The following searches for any lines starting with capital letters that range from C through F.
Then any lines ending with the numbers starting from 3 through 6.
The single dot stands for any character, and the asterisk stands for "the preceding character will zero or more times" (man grep
).
Command:
grep "^[C-F].*[3-6]$" operating-systems.csv
Output:
CP/M, Proprietary, 1974
FreeBSD, BSD, 1993
Repetition
If we want to use regular expressions to identify repetitive patterns, then we can use repetition operators.

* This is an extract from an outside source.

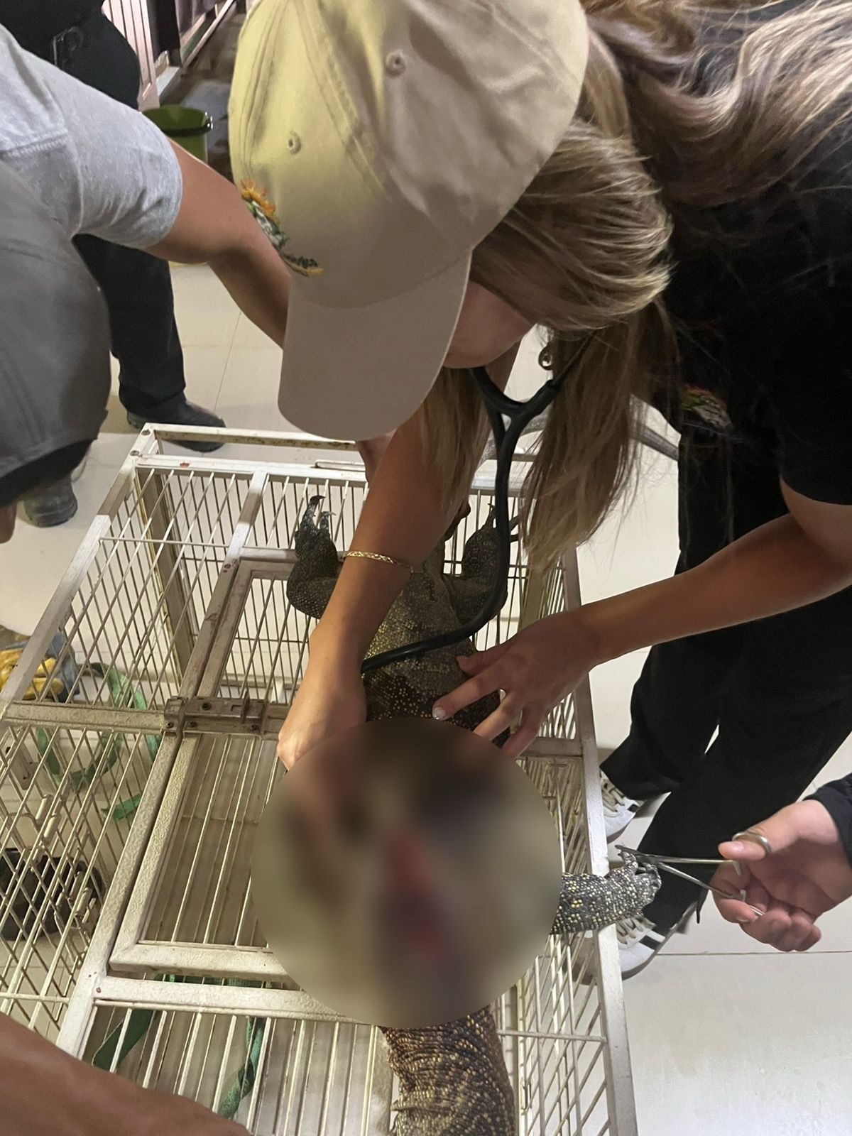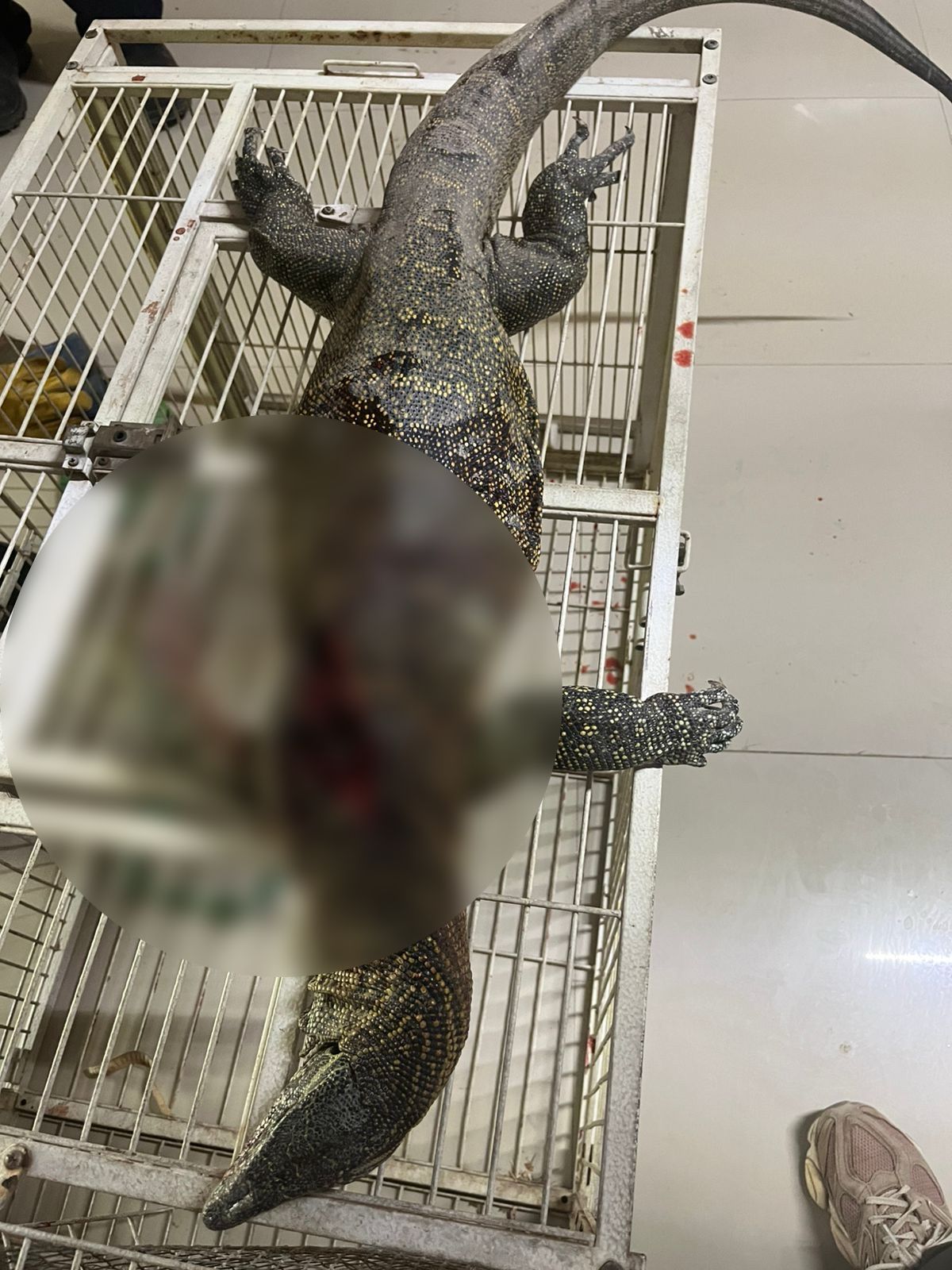 El varano tenía un peso de alrededor de 11 kg y un tamaño de 1.67 m de largo. Se continuó con el examen físico, confirmando que el ejemplar es macho. Se concluye que, debido a la gravedad de las lesiones, el ejemplar perdió la vida. La exploración fue por parte de médicos veterinarios del Bosque y Zoológico de la Ciudad.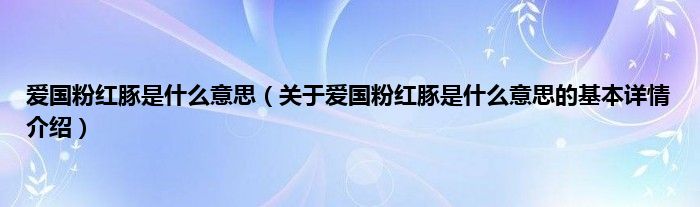 本文关于爱国粉红豚是什么意思的基本详情介绍就讲解完毕,希望对大家有所帮助。

As we saw above, the most useful one is the *
asterisk.
But there are other options:
In come cases, we need to add the -E option
to extend grep
's regular expression functionality:
Here, the preceding item S is matched one or more times:
Command:
grep -E "S+" cities.md
Output:
| San Antonio, TX | 1451853 | 1718 |
| San Diego, CA | 1381611 | 1769 |
| San Jose, CA | 983489 | 1777 |
In the next search, the preceding item l is matched exactly 2 times:
Command:
grep -E "l{2}" cities.md
Output:
| Dallas, TX | 1288457 | 1856 |
Finally, in this example, the preceding item 7 is matched at least two times or at most three times:
Command:
grep -E "7{2,3}" cities.md
Output:
| San Jose, CA | 983489 | 1777 |
OR searches
We can use the vertical bar |
to do a Boolean OR search.
In a Boolean OR statement, the statement is True if either one part is true, the other part is true, or both are true.
In a search statement, this means that at least one part of the search is true.
The following will return lines for each city because they both appear in the file:
Command:
grep -E "San Antonio|Dallas" cities.md
Output:
| San Antonio, TX | 1451853 | 1718 |
| Dallas, TX | 1288457 | 1856 |
The following will match San Antonio even though Lexington does not appear in the file:
Command:
grep -E "San Antonio|Lexington" cities.md
Output:
| San Antonio, TX | 1451853 | 1718 |
Conclusion
We covered a lot in this section on grep
and regular expressions.
We specifically covered:
- multiword strings
- whole word searches and case sensitivity
- bracket expressions and character classes
- anchoring
- repetition
- Boolean OR searches
Even though we focused on grep
, many these regular expressions work across many programming languages.
See Regular-Expression.info for more in-depth lessons on regular expressions.